[Data shown Boundary: Start]

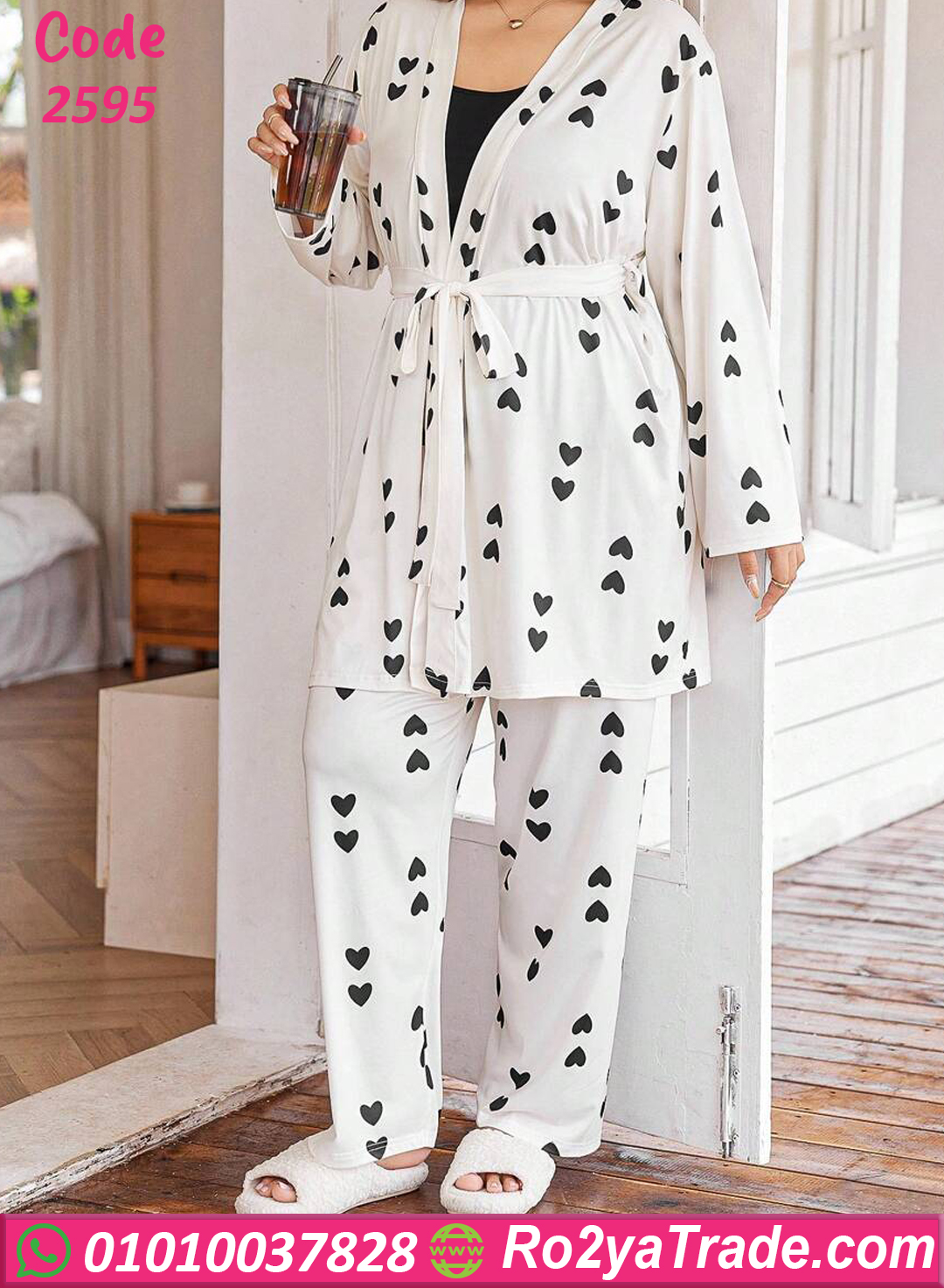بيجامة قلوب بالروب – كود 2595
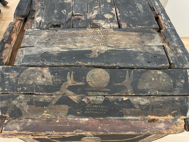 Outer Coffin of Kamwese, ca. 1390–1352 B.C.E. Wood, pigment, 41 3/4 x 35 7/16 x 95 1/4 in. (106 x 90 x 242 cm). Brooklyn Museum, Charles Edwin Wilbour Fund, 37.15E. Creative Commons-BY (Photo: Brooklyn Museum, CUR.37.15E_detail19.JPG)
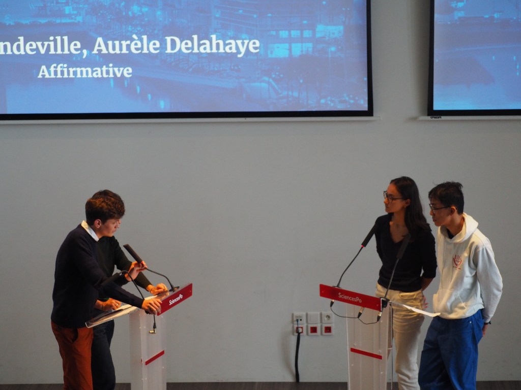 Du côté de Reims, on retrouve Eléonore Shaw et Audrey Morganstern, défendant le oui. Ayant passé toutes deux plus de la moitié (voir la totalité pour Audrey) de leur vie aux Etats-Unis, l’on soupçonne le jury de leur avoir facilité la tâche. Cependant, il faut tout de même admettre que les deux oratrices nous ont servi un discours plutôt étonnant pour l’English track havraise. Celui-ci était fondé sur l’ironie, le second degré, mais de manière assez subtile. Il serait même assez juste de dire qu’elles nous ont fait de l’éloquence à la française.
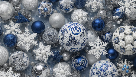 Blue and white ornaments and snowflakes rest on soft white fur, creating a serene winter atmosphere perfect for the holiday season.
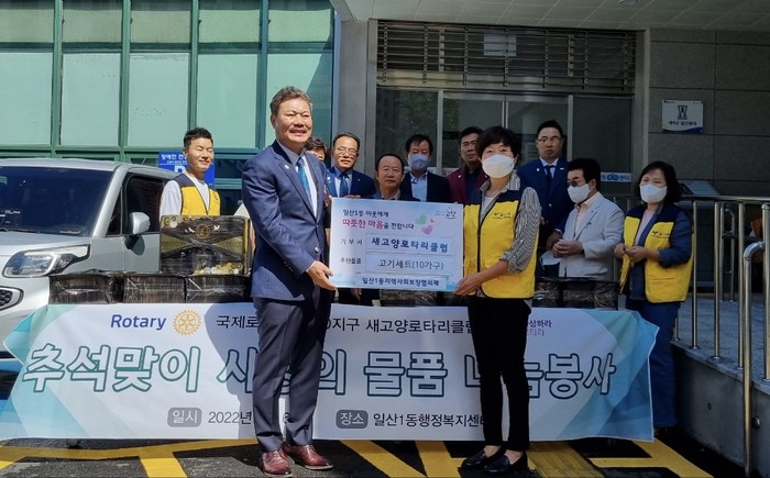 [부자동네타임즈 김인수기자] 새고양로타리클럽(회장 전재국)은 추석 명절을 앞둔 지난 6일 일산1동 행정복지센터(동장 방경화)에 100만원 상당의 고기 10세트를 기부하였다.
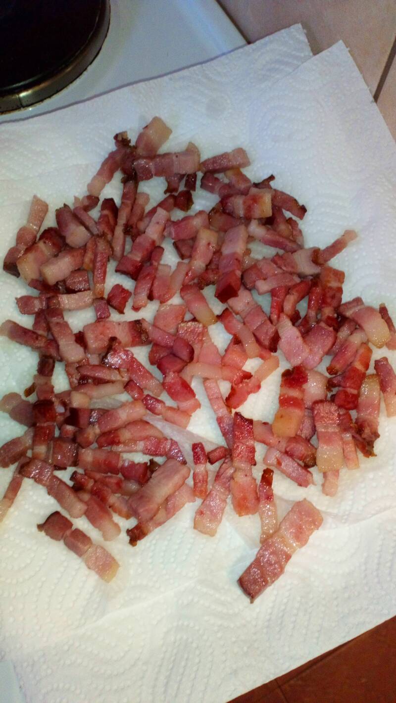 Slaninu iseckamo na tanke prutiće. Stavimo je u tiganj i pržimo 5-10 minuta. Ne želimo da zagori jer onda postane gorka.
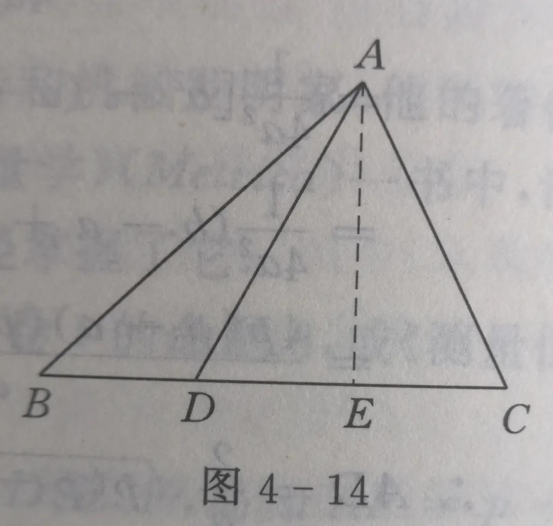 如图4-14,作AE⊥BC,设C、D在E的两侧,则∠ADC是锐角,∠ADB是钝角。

[Data shown Boundary: End]
[Data shown Boundary: Start]

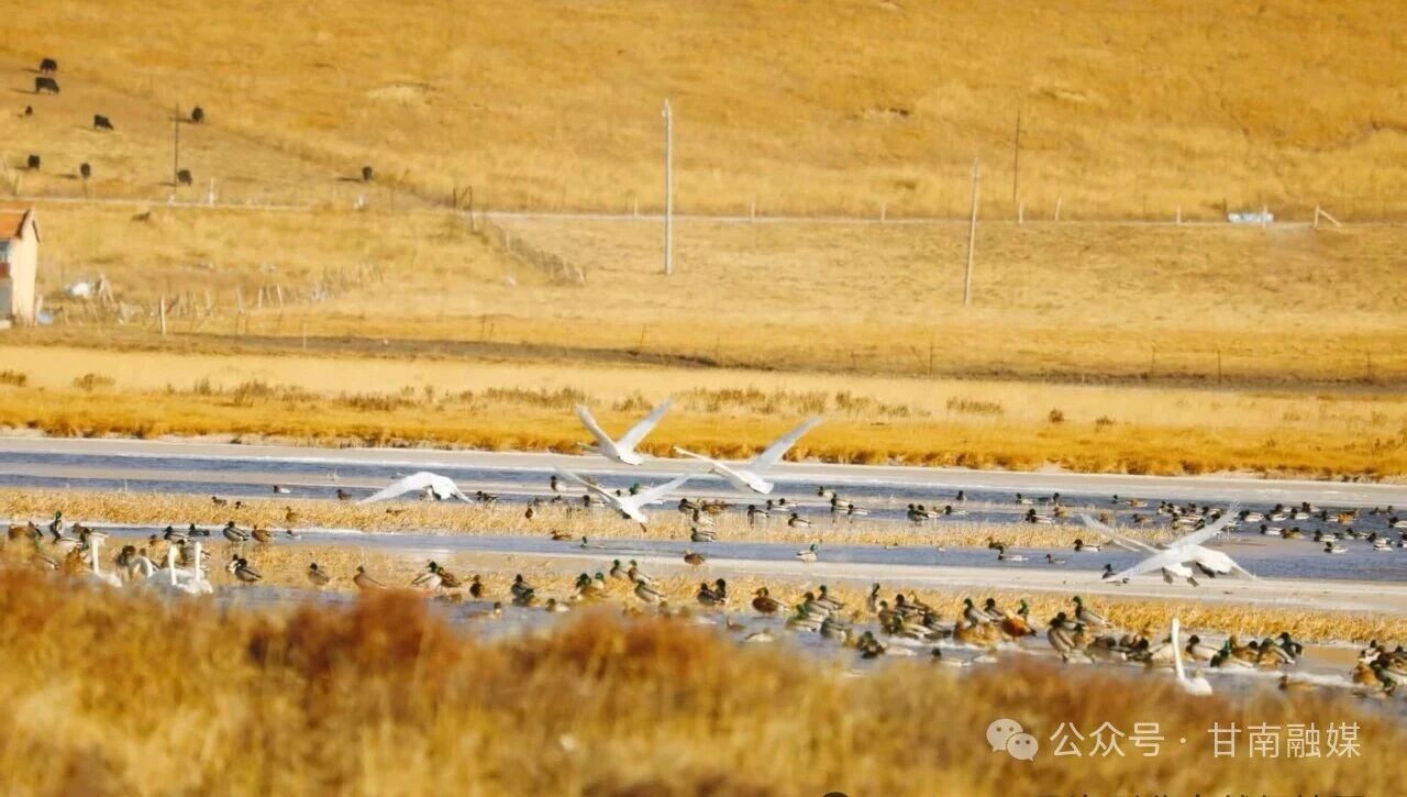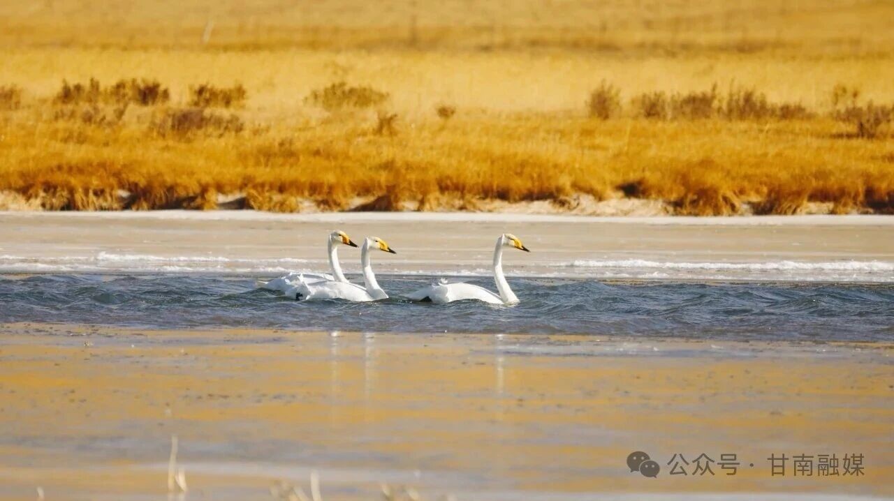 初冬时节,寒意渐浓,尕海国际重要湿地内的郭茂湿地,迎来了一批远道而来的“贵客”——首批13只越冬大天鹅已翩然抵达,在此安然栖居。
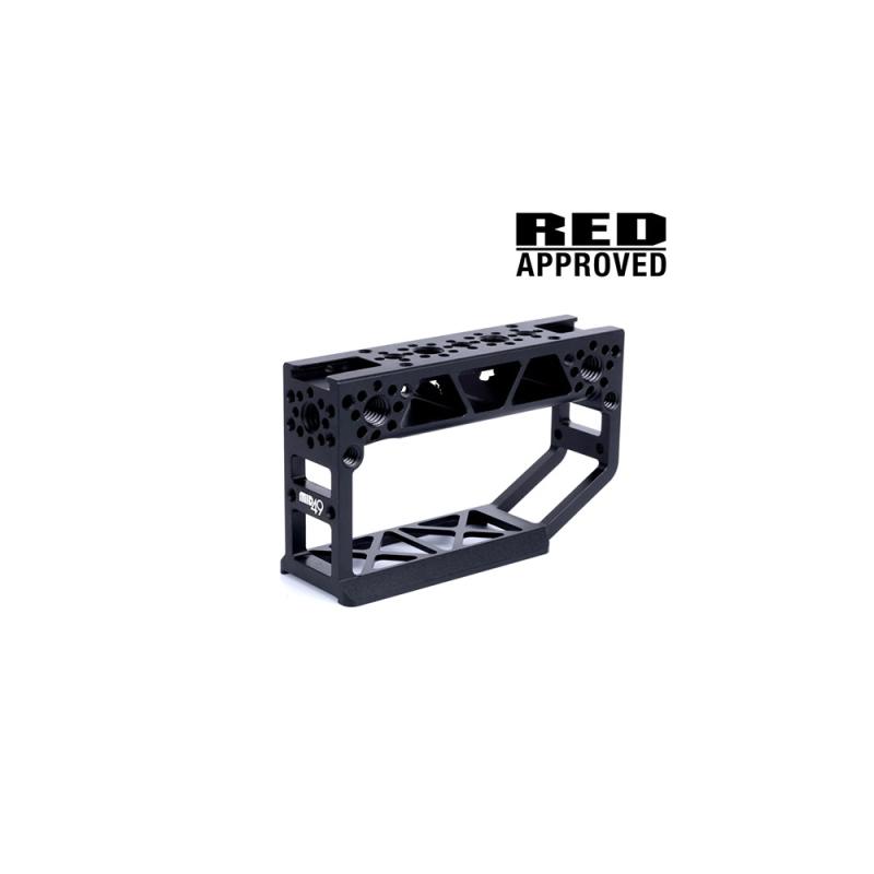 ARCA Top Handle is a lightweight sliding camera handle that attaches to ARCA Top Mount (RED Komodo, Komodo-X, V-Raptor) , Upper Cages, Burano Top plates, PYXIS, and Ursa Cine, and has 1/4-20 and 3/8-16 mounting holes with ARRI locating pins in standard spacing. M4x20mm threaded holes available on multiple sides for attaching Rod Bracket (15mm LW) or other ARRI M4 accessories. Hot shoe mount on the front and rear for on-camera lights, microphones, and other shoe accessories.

[Data shown Boundary: End]

▶ [Problem to solve]: Both boundary lines included, write out word for word only the lines above from the one containing "Du côté de Reims, on" to the one containing "Blue and white", leaving out any pictures.

▶ [Exercise output]:
 Du côté de Reims, on retrouve Eléonore Shaw et Audrey Morganstern, défendant le oui. Ayant passé toutes deux plus de la moitié (voir la totalité pour Audrey) de leur vie aux Etats-Unis, l’on soupçonne le jury de leur avoir facilité la tâche. Cependant, il faut tout de même admettre que les deux oratrices nous ont servi un discours plutôt étonnant pour l’English track havraise. Celui-ci était fondé sur l’ironie, le second degré, mais de manière assez subtile. Il serait même assez juste de dire qu’elles nous ont fait de l’éloquence à la française.
 Blue and white ornaments and snowflakes rest on soft white fur, creating a serene winter atmosphere perfect for the holiday season.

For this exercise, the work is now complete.